*** Begin section ***
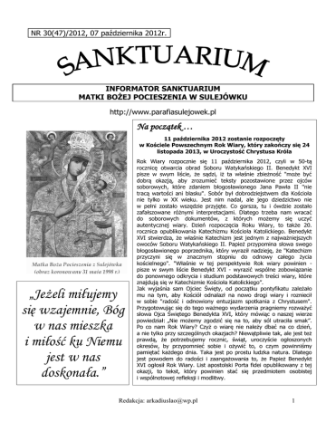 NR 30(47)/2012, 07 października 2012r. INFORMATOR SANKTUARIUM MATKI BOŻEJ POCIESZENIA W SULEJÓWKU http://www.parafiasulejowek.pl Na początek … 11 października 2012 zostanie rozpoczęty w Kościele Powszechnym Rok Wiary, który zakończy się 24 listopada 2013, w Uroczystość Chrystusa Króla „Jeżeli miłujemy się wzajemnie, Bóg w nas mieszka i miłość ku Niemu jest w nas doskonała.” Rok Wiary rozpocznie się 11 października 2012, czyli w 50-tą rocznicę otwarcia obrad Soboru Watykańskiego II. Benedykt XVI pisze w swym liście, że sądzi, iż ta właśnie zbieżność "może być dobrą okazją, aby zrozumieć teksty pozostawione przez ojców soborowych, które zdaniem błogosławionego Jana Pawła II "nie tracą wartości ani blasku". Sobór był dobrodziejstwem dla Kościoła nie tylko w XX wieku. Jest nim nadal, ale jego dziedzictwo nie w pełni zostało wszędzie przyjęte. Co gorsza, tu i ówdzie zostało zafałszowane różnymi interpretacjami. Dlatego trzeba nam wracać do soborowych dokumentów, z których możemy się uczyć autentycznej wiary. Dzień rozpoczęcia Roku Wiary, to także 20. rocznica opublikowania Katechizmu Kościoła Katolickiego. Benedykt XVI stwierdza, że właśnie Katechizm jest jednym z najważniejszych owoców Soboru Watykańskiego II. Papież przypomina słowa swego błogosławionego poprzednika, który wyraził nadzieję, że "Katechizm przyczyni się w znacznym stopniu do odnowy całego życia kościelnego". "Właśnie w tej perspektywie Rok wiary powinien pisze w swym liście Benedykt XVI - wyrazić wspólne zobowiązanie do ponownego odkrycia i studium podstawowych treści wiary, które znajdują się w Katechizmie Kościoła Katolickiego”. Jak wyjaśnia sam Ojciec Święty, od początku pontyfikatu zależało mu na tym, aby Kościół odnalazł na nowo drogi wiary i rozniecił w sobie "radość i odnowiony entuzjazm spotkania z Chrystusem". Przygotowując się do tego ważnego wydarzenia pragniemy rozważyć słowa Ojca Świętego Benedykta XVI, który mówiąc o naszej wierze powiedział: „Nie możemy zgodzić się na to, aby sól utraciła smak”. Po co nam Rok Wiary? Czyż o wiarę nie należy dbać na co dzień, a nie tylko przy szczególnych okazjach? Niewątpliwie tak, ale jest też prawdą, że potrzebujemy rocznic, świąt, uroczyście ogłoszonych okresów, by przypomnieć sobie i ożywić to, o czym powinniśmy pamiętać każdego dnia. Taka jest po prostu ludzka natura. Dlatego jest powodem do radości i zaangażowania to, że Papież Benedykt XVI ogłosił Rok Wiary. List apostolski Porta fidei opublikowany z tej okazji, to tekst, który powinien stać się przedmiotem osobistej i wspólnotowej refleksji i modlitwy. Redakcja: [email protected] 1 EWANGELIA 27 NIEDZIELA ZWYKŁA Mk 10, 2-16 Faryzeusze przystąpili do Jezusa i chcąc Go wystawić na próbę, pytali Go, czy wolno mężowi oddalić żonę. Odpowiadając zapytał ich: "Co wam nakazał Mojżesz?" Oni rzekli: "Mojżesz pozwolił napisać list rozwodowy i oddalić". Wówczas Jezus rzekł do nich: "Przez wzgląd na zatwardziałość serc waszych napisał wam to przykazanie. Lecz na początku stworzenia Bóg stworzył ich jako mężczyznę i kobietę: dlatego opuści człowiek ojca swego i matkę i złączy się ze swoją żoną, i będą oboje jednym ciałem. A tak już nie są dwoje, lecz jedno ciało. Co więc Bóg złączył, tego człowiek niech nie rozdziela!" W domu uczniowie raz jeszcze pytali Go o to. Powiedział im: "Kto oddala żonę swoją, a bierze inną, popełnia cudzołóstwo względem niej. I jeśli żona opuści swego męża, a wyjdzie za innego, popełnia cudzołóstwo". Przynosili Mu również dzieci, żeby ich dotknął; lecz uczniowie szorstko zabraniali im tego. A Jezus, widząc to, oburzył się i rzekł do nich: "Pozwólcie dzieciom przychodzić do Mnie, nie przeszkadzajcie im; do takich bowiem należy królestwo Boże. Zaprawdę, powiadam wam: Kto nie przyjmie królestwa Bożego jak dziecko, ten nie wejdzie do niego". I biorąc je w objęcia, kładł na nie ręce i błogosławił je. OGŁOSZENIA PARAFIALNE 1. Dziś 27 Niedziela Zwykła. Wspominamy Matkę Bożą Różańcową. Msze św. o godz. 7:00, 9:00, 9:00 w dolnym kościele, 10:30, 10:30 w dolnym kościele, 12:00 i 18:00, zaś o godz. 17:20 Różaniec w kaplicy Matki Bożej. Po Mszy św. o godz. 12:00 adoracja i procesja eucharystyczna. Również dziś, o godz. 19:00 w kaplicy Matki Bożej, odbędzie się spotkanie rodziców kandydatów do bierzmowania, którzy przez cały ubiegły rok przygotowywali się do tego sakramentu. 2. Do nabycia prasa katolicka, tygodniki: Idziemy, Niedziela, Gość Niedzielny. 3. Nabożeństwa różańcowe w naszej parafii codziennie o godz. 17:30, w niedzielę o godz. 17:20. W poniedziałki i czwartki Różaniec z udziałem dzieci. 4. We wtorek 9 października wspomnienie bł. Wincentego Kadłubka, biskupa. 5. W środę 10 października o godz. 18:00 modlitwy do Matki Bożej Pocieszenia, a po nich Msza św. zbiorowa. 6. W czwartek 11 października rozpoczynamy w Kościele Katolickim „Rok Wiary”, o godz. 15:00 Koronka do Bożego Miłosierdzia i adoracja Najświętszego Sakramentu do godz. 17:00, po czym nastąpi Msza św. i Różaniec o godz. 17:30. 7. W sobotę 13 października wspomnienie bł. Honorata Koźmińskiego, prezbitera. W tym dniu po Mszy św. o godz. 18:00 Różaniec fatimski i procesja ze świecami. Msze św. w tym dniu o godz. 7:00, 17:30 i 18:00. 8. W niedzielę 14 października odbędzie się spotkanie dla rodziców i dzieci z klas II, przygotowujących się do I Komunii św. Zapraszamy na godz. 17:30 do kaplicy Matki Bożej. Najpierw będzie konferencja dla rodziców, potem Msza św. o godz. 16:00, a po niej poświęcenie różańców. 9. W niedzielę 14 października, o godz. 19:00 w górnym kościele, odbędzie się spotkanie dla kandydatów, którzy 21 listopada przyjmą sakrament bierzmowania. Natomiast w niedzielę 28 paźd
*** End section ***
*** Begin section ***
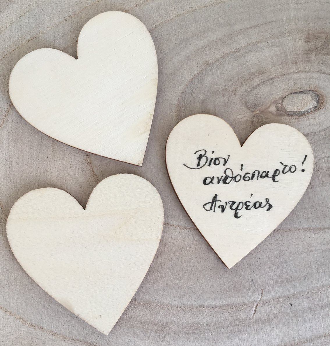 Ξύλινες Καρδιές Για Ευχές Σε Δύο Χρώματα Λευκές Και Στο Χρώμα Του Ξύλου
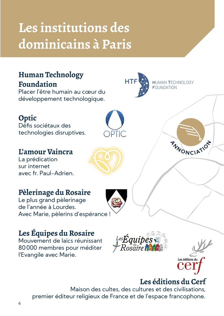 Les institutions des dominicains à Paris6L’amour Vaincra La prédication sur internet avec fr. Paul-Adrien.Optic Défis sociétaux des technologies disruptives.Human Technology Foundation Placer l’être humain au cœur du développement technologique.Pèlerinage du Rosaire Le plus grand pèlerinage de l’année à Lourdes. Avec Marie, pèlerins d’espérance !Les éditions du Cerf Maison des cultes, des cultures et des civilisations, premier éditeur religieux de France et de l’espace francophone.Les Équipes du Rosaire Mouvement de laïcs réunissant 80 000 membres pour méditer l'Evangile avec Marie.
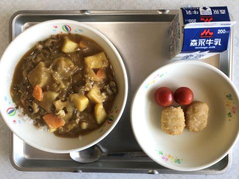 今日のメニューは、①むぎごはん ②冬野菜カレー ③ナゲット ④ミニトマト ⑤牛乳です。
*** End section ***
*** Begin section ***
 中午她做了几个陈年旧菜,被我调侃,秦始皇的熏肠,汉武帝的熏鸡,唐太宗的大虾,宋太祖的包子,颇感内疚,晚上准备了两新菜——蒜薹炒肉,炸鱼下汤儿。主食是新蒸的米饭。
*** End section ***
• **Task**: Everything above from the line with "Les institutions des" through the line with "今日のメニューは、①むぎごはん ②冬野菜カレー ③ナゲット ④ミニトマト ⑤牛乳です。" should be retyped exactly, and nothing else; omit pictures.

• **Your solution**:
 Les institutions des dominicains à Paris6L’amour Vaincra La prédication sur internet avec fr. Paul-Adrien.Optic Défis sociétaux des technologies disruptives.Human Technology Foundation Placer l’être humain au cœur du développement technologique.Pèlerinage du Rosaire Le plus grand pèlerinage de l’année à Lourdes. Avec Marie, pèlerins d’espérance !Les éditions du Cerf Maison des cultes, des cultures et des civilisations, premier éditeur religieux de France et de l’espace francophone.Les Équipes du Rosaire Mouvement de laïcs réunissant 80 000 membres pour méditer l'Evangile avec Marie.
 今日のメニューは、①むぎごはん ②冬野菜カレー ③ナゲット ④ミニトマト ⑤牛乳です。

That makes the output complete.